Circ RNAs Involved in the Expression of Components of Signaling Pathways
Circ nuclear factor NFIB1 (circNFIB1) up-regulates phosphoinosite-3-kinase-reglatory subunit 1 (PI3KR1). circNFIB1 (Figure 4) was down-regulated in PDAC tissues and negatively correlated with lymph node metastasis in patients with PDAC (138). Conditioned media from PANC-1 and Capan-2 PDAC cells with silenced circNFIB1 promoted tube formation and migration of human lymphatic endothelial cells. circNFIB1 suppressed lymph node metastasis of PANC-1 cells in nude mice. circNFIB1 sponged miR-486-5p and up-regulated PIK3R1, which inhibits PI3K/AKT signaling, vascular endothelial growth factor C (VEGFC) expression and lymphangiogenesis. VEGFC was found to be over-expressed in PDAC (139, 140).
Circ fibroblast growth factor receptor 1 (circFGFR1) up-regulates phosphatidylinositol-4,5-biphosphate-3-kinase catalytic subunit β (PIK3CB). circFGFR1 (Figure 4) up-regulated cell growth, migration and invasion of PDAC cells in vitro and inhibited tumor growth and lung metastasis in nude mice (141). It sponged miR-532-3p and up-regulated PIK3CB. Several inhibitors of this pathway have been identified: Pan-PI3K inhibitors, dual PI3K/mTOR inhibitors and isoform-specific inhibitors (142). A PI3Kα isoform-specific inhibitor has been approved for treatment of breast cancer as well as a PI3Kθ specific inhibitor for treatment of B-cell malignancies (143).
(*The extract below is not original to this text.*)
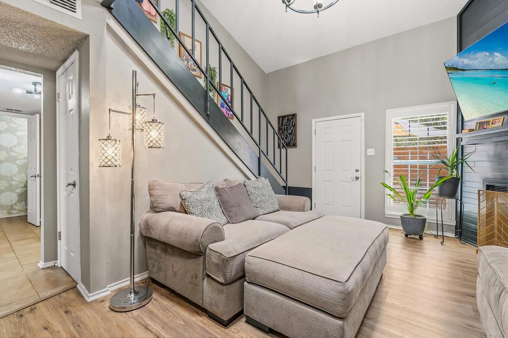 Adorable townhouse in a prime location near West End and within the highly sought-after Frenship School District. Soaring ceilings and abundant natural light highlight the stunning fireplace, creating an open and inviting living space. The spacious dining area offers flexibility and could easily serve as a home office or cozy den. Upstairs features a charming landing perfect for a reading nook, along with two bedrooms connected by a Jack-and-Jill bathroom. This home has been thoughtfully updated with new windows, vinyl siding, flooring, doors, plantation shutters, and fresh paint throughout. Enjoy both front and back patio areas designed for low maintenance while still offering space to relax or entertain. Move-in ready and waiting for its new owners-don''t miss this one!

Circ anaphase promoting complex subunit 7 (circAPAPC7) up-regulates P domain and leucine rich repeat protein phosphatase 2 (PHLPP2). circAPAPC7 (Figure 4) over-expression in MIA PaCa-2 and AsPC-1 PDAC cells suppressed proliferation and colony formation (144). In orthotopic in vivo models in nude mice, circAPAPC7 inhibited growth of MIA PaCa-2 and AsPC-1 xenografts. It sponged miR-373 and up-regulated PHLPP2. The latter dephosphorylated AKT, inhibited cell proliferation via down-regulation of cyclin D1 and prevented muscle wasting by decreasing secretion of TGFβ. PHLPP2 is part of the PHLPP phosphatase family comprised of two members; it decreases proliferation and promotes apoptosis in cancer cells (145). Its paralog, PHLPP1, has been shown to regulate the Ser-Thr kinase AKT2, to inhibit proliferation and to induce apoptosis in PDAC cells (146).
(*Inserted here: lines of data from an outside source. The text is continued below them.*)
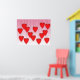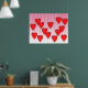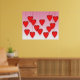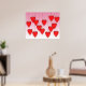 Coeurs brillants rouges accrochés aux cordes sur un arrière - plan rose et blanc - parfait comme une affiche de la Saint Valentin!
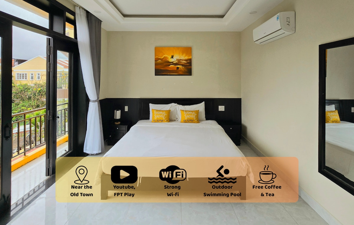Experience the magic of Hoi An's Old Town in our stunning 4-bedroom villa! Just 100m from the vibrant night market, enjoy river views, a spacious layout, and fantastic amenities including a pool table (bida) and fully equipped kitchen. Perfect for families or groups seeking a central and luxurious getaway. - 5 minute walking to Japanese Bridge. - 7 minute walking to Hoi An local market - 10 minute by bike to An Bang Beach - FREE BICYCLE
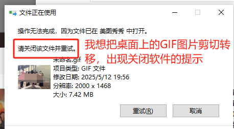 6、需要转移GIF图片时,必须关闭美图软件,才能调用GIF图片
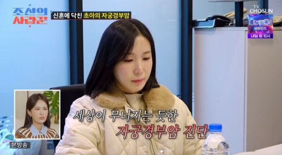 TV조선‘조선의사랑꾼’캡처TV조선‘조선의사랑꾼’캡처TV조선‘조선의사랑꾼’캡처TV조선‘조선의사랑꾼’캡처[뉴스엔하지원기자]'조선의사랑꾼'초아가신혼초에자궁경부암진단을받았다고밝혔다.2월3일방송된TV조선'조선의사랑꾼'에는크레용팝초아부부가새로운사랑꾼으로출연했다.초아는결혼1년차에받은산전검사에서자궁경부암을발견했다고운을뗐다.초아는"너무청천벽력이었다.너무갑작스러워서모든게.처음에는너무믿기지가않아서현실감이없었다"며"오빠한테이야기를할때눈물이나더라.손이막떨리고병원화장실에들어가서갑자기눈물이나서'나어떡해.나암이래'이렇게했던거같다"라고회상했다.초아남편역시현실감이없었다며"자궁을보호하는수술은안되고자궁을적출하는게매뉴얼이라고했다.사실그때부터힘든시기가시작이된거같다.(초아가)혼자화장실에서통곡을하더라.그때좀참았던감정들이터졌다"라며털어놨다.초아는"화장실에서꺼이꺼이울었다.그때남편도와서같이부둥켜안고울었던것같다"며눈물을흘렸다.초아는지난2023년암절제및가임력보존수술을받았다고한다.초아는"암수술은잘됐다.3개월마다검사하고있다"라고전했다.뉴스엔하지원oni1222@기사제보및보도자료[email protected]ⓒ뉴스엔.무단전재&재배포금지Copyright©뉴스엔.무단전재및재배포금지.
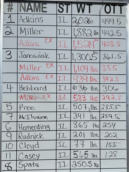 Leader board at Heaps Giant Pumpkin farm in Illinois Saturday September 27th

Circ scm-like with four malignant brain tumor domains (circSFMBT1) up-regulates p21 activated kinase 1 (PAK1). circSFMBT1 (Figure 4) was up-regulated in PDAC tissues and corresponding cell lines (147). It promoted proliferation, migration, invasion and EMT of PDAC cell lines in vitro and its knockdown inhibited growth and metastasis of PDAC xenografts in nude mice. circSFMBT1 sponged miR-330-5p and up-regulated PAK1, a member of a family of six proteins (148). PAKs can activate pathways, such as RAS/mitogen-activated protein kinase kinase (MEK)/ERK, AKT/mTOR, WNT/β-catenin and JNK/NFB. PAK1 is involved in proliferation pathways, apoptosis resistance, restoration of DNA damage, creation of an inflammatory environment, and immune suppression (149, 150). PAK1 inhibitor CP734 showed promising in vitro and in vivo results in a preclinical model of PDAC (151).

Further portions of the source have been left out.